Exclusive: ECB’s Demarco: Not Sure It’s Right Time to Pause, Since Data Still Show Us Moving in Right Direction
19 March 2025

By David Barwick and Marta Vilar – VALLETTA (Econostream) – While elevated uncertainty implies that a pause in monetary policy easing cannot currently be excluded in April, there may be reason for the European Central Bank to stick to the ‘default’ option of another rate cut, according to ECB Governing Council alternate member Alexander Demarco.
In an interview with Econostream (transcript here) on Tuesday, Demarco, who as acting governor of the Central Bank of Malta is ‘fully included in the ECB decision-making process’, in ECB President Christine Lagarde’s words, said that the latest projection indicated that disinflation was approximately on track, even with the slight recent deferral of the time by which the 2% target would be reached.
The pushing out of that date to late this year or early next year was ‘driven entirely by energy prices and the exchange rate, and since then, we've seen important changes in these components, both in the direction of lower price pressures’, Demarco pointed out.
‘So, for now, we are guided by the projections we have, but if energy prices and the exchange rate remain as they are today, the projections will probably show 2% achieved even earlier’, he said. ‘So, I’m not sure it’s the right time to pause, because the evidence still shows us moving in the right direction.’

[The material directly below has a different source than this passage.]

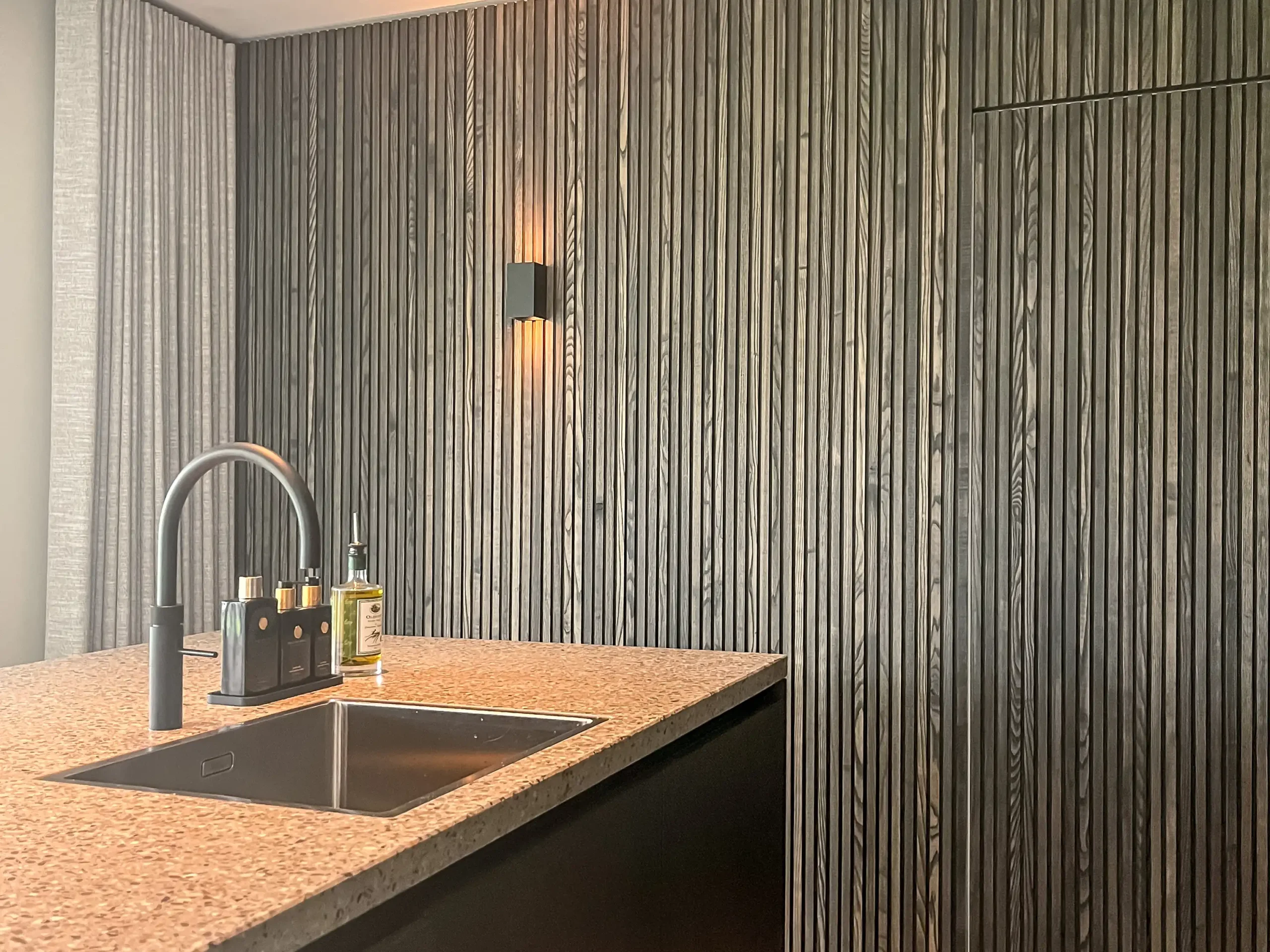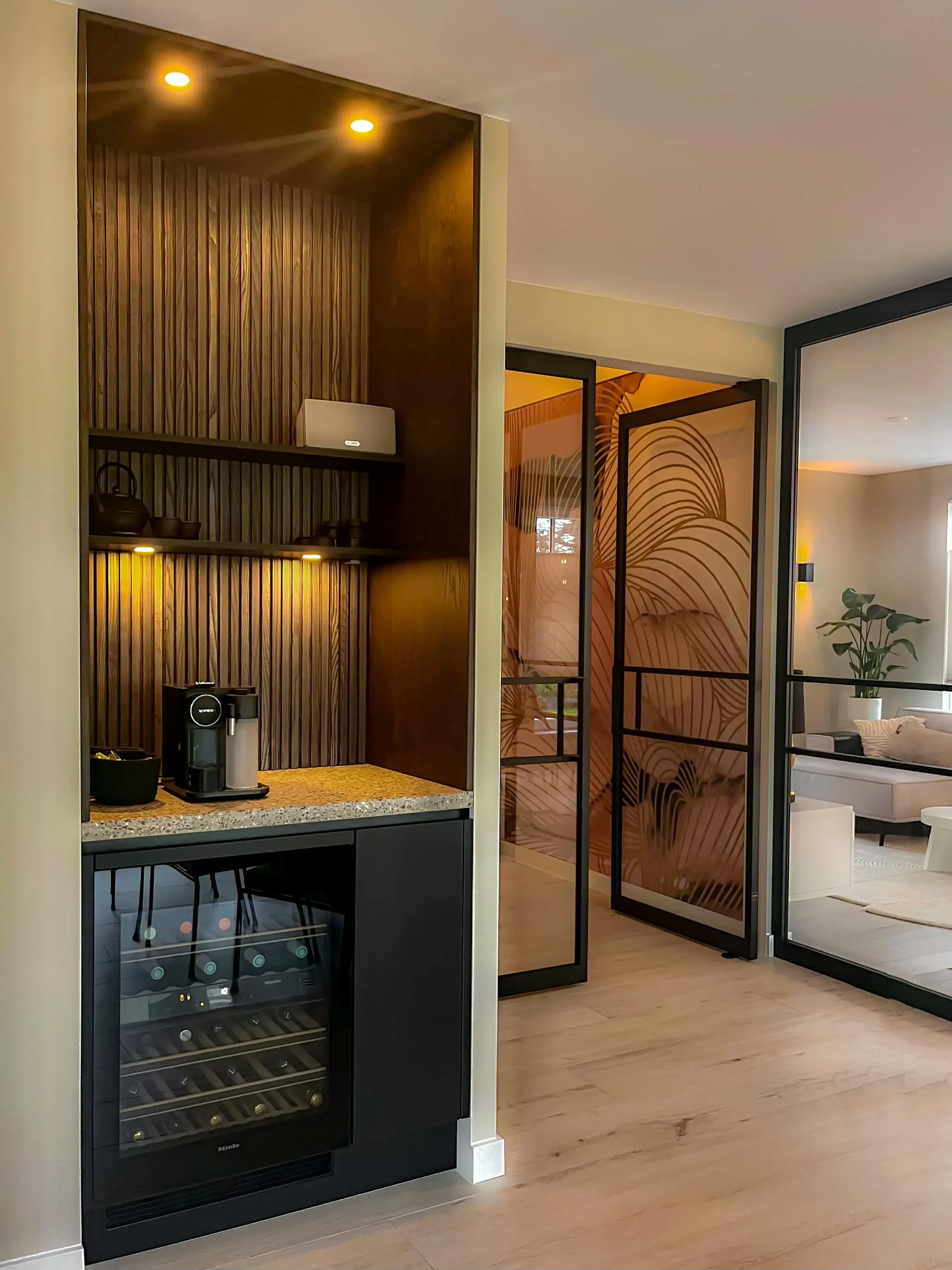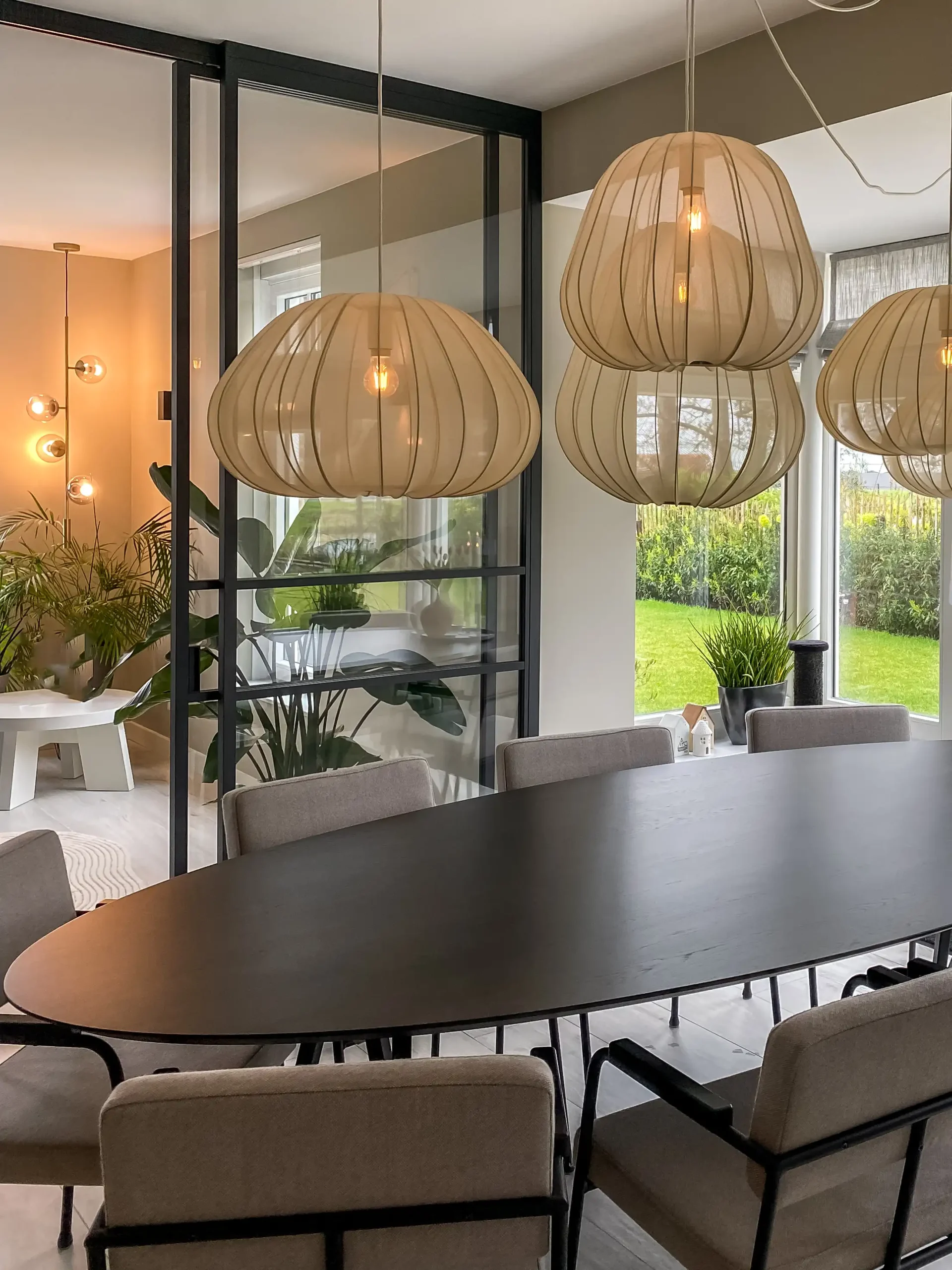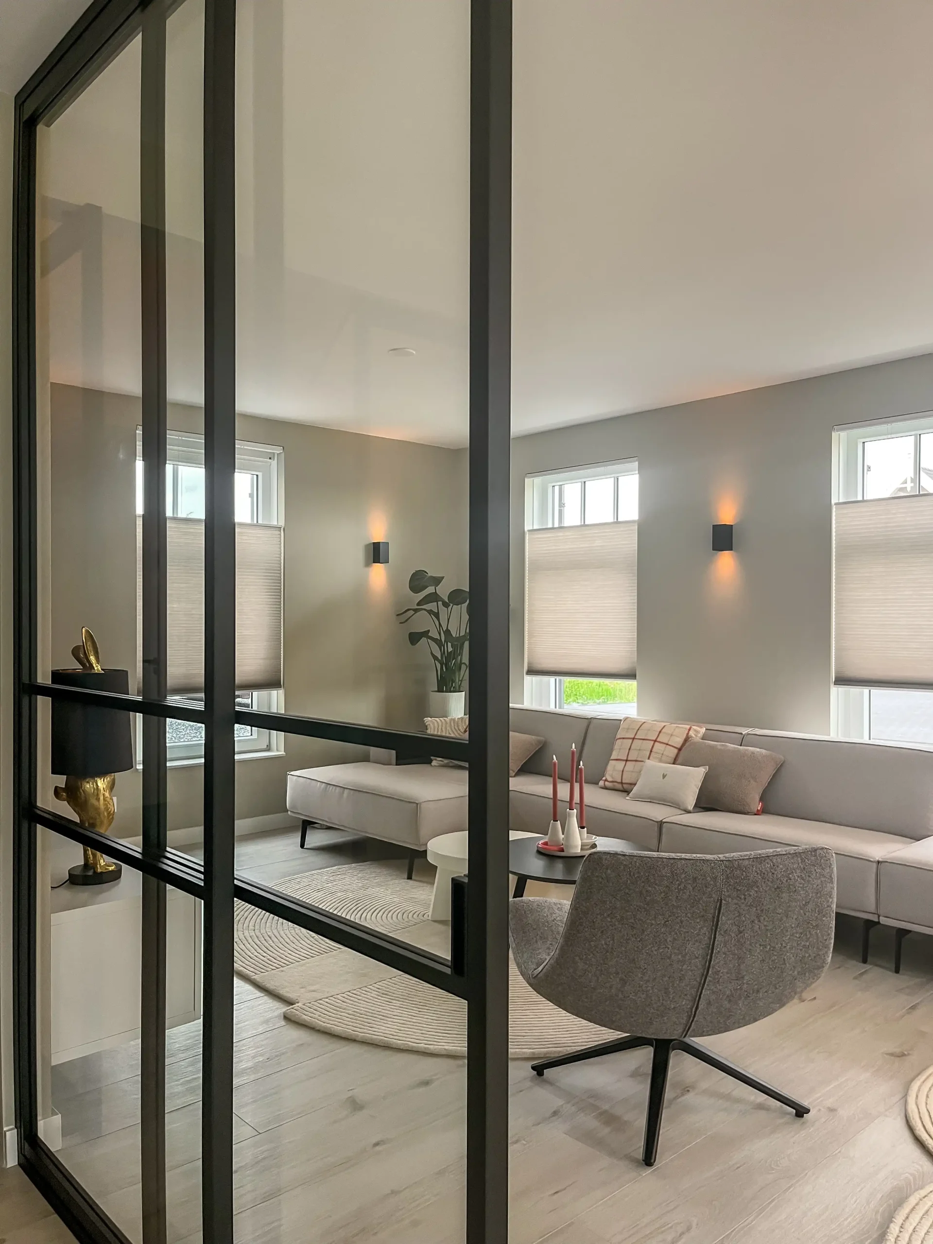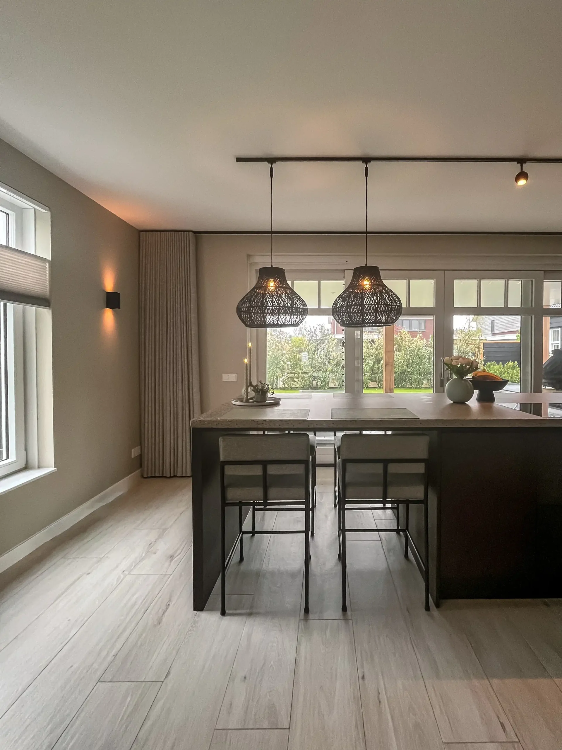 Voor een nieuwbouw familiewoning in Zevenhuizen is een totaalontwerp gemaakt. Voor de gehele begane grond. Een goede indeling vanuit de architect vormde een duidelijk uitgangspunt. Alle ruimtes zijn mooi in evenwicht en opgedeeld in 3 elementen; zitten, tafelen en koken. Na de bepaalde indeling was er een wens voor een stalen pui, donkere keuken, veel verschillende texturen, rustig qua kleur en een lichte basis.
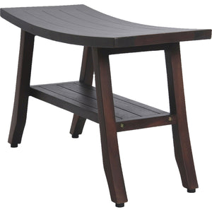 28" Dark Brown Teak Rectangular Shower Bench With Shelf

At the same time, he said, there was a lot of ‘noise’ in the sense of developments on numerous fronts relevant to monetary policy, for which reason policymakers ‘need some more data between now and April to identify emerging tendencies in one direction or the other.’
Revisions to the staff inflation forecasts had tended to be small in recent projection exercises, confirming that the ECB was ‘really on track’ towards hitting its objective, he said. Therefore, if nothing were to change, cutting in April could be considered ‘the default’, he concurred.
‘But it's not the case that nothing can change’, he observed. ‘There is a lot of turbulence surrounding us, and this could have an impact on inflation, especially in the short term.’
Such turbulence could boost inflation expectations, a contingency that needed to be monitored, but another possibility was that it would hurt confidence, which would naturally serve to dampen growth, he said. The ECB’s outlook for growth had already been revised down repeatedly, and although authorities still predicted a recovery, activity in the region remained weak, he said.
‘And these negative events, including more trade barriers, are not likely to generate positive sentiment, to convince consumers to spend or to encourage investors to invest’, he said. ‘And that, to my mind, would signal downside risks for medium-term inflation.’
In the medium term, undershooting the inflation target was thus likelier than overshooting it, he said, especially if trade tensions worsened.
Prevailing uncertainty made it more important than ever for the ECB to retain its data-dependent, meeting-by-meeting approach to monetary policy, he urged. However, the absence of updated projections in April did not automatically make a pause at that Council meeting more probable, he said.
The ECB’s projections already incorporated a particular rate path, he noted. ‘[A]s long as the incoming data and conditions continue to signal that we remain on track, as was the case in the latest projection exercise, then we should continue to follow that interest rate path’, he argued.
The higher long-term bond yields in the euro area were not in and of themselves sufficient reason so far for the ECB to do anything, he said. The ramping up of defence spending was governments’ decision, and such a decision need not necessarily ‘represent a significant departure to the staff projections and the embedded interest rate path that would achieve the price stability objective’, he said.
‘If on the other hand fiscal positions become looser than the announced budgetary plans, this would need to be factored and reassessed accordingly’, he said. ‘Therefore, as usual, we will continue to monitor very closely fiscal developments and the evolution of inflation expectations.’
‘Hopefully, the revised fiscal governance rules will be respected by all Member States’, he added.